C. The Award Shares will be “restricted securities” as that term is defined by Rule 144 under the Securities Act. You may only resell them in a transaction registered under the Securities Act or subject to an available exemption therefrom, and in accordance with any applicable state securities laws, and in the event of any such resale, SDS may require an opinion of counsel satisfactory to it.
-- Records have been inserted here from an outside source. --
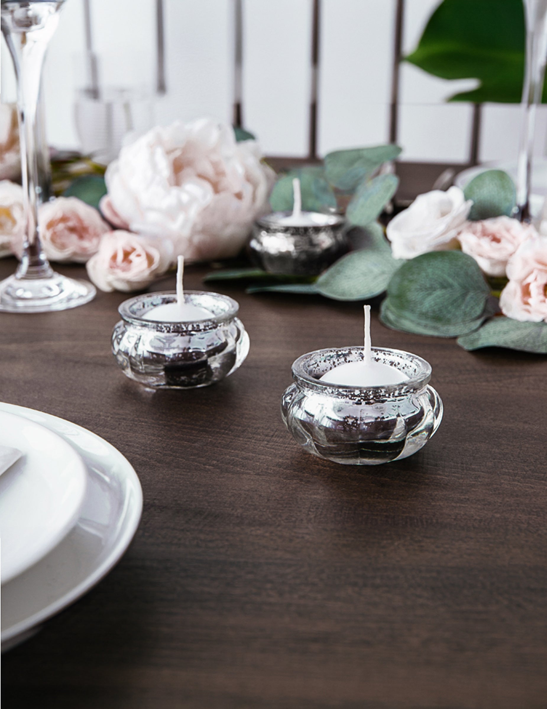 4 srebrna zrcalna staklena držača za svijeće 6 x 3 cm za stol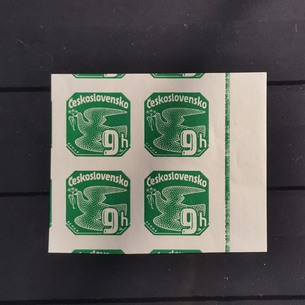 Položka:Čtyřblok ČSR novinové - holubice, 9h, . Michel 367 Pofis NV17 Stanley Gibbons N367 P20 Nepoužitá, neražená, čistá známka.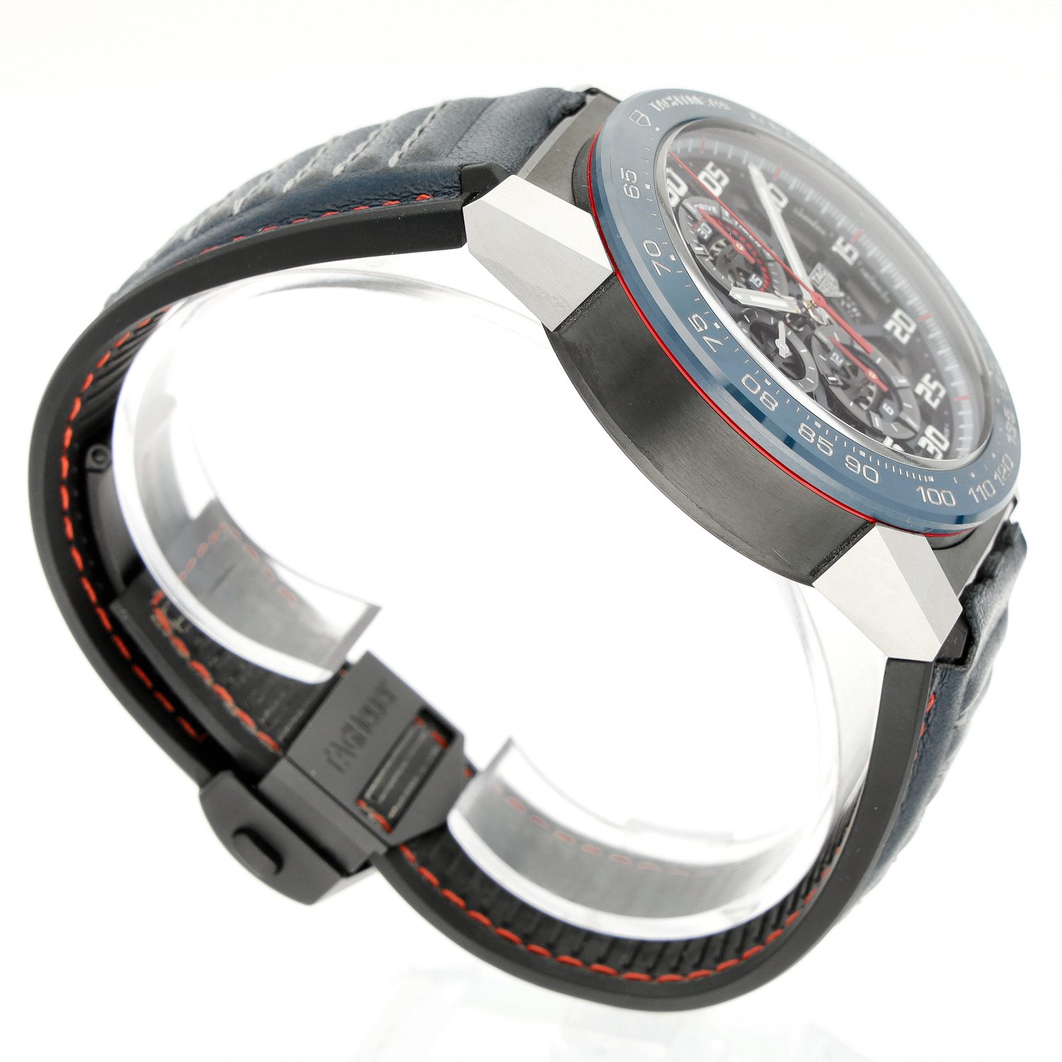 Tag Heuer Carrera aus dem Jahre 2021 mit einem 45mm Gehäuse in Keramik und Faltschließe. Die Herren Tag Heuer Uhr befindet sich in einem sehr guten Zustand.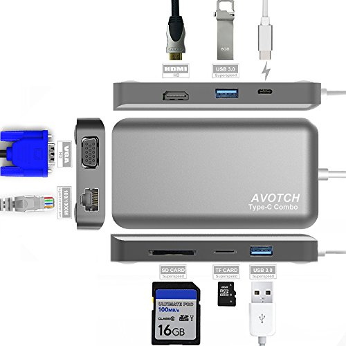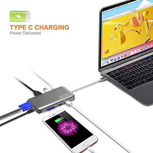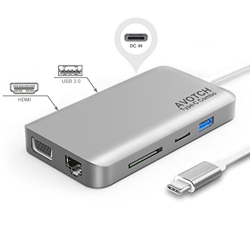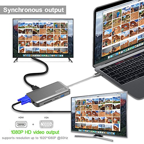 USB-C Digital AV Multi-port Adapter, AVOTCH USB C Hub ,3.1 Type C Hub , HDMI VGA Dual screen display Output, Card Reader, 2 USB 3.0 Ports and Gigabit Ethernet Adapter- Grey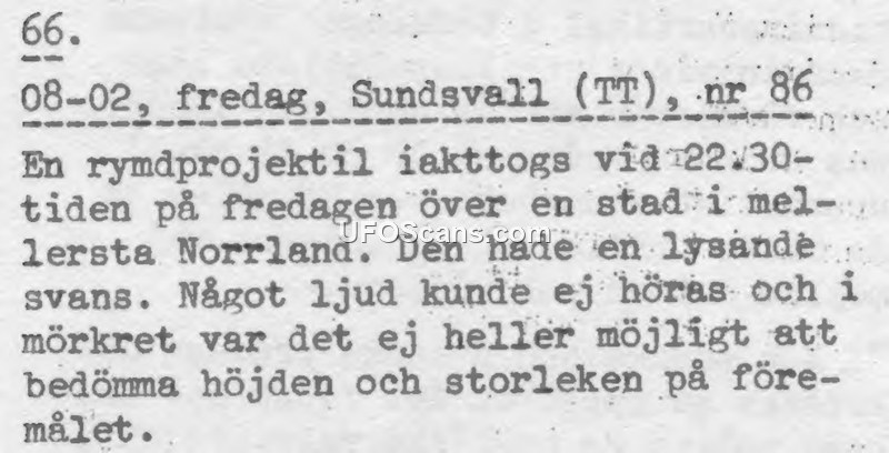 This document is a brief report, numbered 86, regarding a sighting that occurred on a Friday, August 2nd, in Sundsvall. At approximately 22:30, a 'space projectile' was observed over a city in central Norrland. The object was described as having a luminous tail. The report notes that no sound was heard during the event. Furthermore, due to the darkness, it was impossible for observers to estimate the altitude or the size of the object.

The certificates, book entry or other form of notation representing the Award Shares to be delivered by SDS to you pursuant to the Agreement will be notated with a legend or designation substantially in the form of the language quoted below or in such other manner which communicates the sum and substance of the quoted language below:

 

“THESE SHARES HAVE NOT BEEN REGISTERED WITH THE SECURITIES AND EXCHANGE COMMISSION OR THE SECURITIES COMMISSION OF ANY STATE IN RELIANCE UPON AN EXEMPTION FROM REGISTRATION UNDER THE SECURITIES ACT OF 1933, AS AMENDED (THE “SECURITIES ACT”), AND, ACCORDINGLY, MAY NOT BE OFFERED OR SOLD EXCEPT PURSUANT TO AN EFFECTIVE REGISTRATION STATEMENT UNDER THE SECURITIES ACT OR PURSUANT TO AN AVAILABLE EXEMPTION FROM, OR IN A TRANSACTION NOT SUBJECT TO, THE REGISTRATION REQUIREMENTS OF THE SECURITIES ACT AND IN ACCORDANCE WITH APPLICABLE STATE SECURITIES LAWS AS EVIDENCED BY A LEGAL OPINION OF COUNSEL TO THE TRANSFEROR TO SUCH EFFECT, THE SUBSTANCE OF WHICH SHALL BE REASONABLY ACCEPTABLE TO THE COMPANY.”

 

D. As used in the Agreement:

 

“IPO” means the initial public offering of SDS common stock pursuant to a registration statement filed on Form S-1 that SDS is currently contemplating.

 

“IPO Price” means the final price offered by SDS for a share of Common Stock in the IPO.

 

“Fair Market Value” means, as of any date, the value of a share of Common Stock as determined by SDS, in its discretion, subject to the following:

 

i.If, on such date, SDS Common Stock is listed or traded on a national or regional securities exchange or market system, constituting the primary market for the common stock, the Fair Market Value of a share of Common Stock shall be the closing sale price of a share of Common Stock (or the mean of the closing bid and asked prices of a share of Common Stock if SDS’s Common Stock is so quoted instead) on the determination date (or, if no sales occur on such date, on the last preceding date on which such sales of Common Stock are so reported) as quoted on such exchange and as reported in The Wall Street Journal, pink sheets or such other source as SDS deems reliable.

 

ii.If, on such date, SDS’s Common Stock is not listed or traded on a national or regional securities exchange or market system, the Fair Market Value of a share of Common Stock shall be as determined by SDS in its discretion using a reasonable method exercised in good faith without regard to any restriction other than a restriction which, by its terms, will never lapse, and if it is determined by SDS to be applicable, in any other manner permitted in accordance with Sections 409A or 422(b) of the Internal Revenue Code of 1986, as amended, and any applicable notices, rulings and regulations promulgated thereunder, if applicable.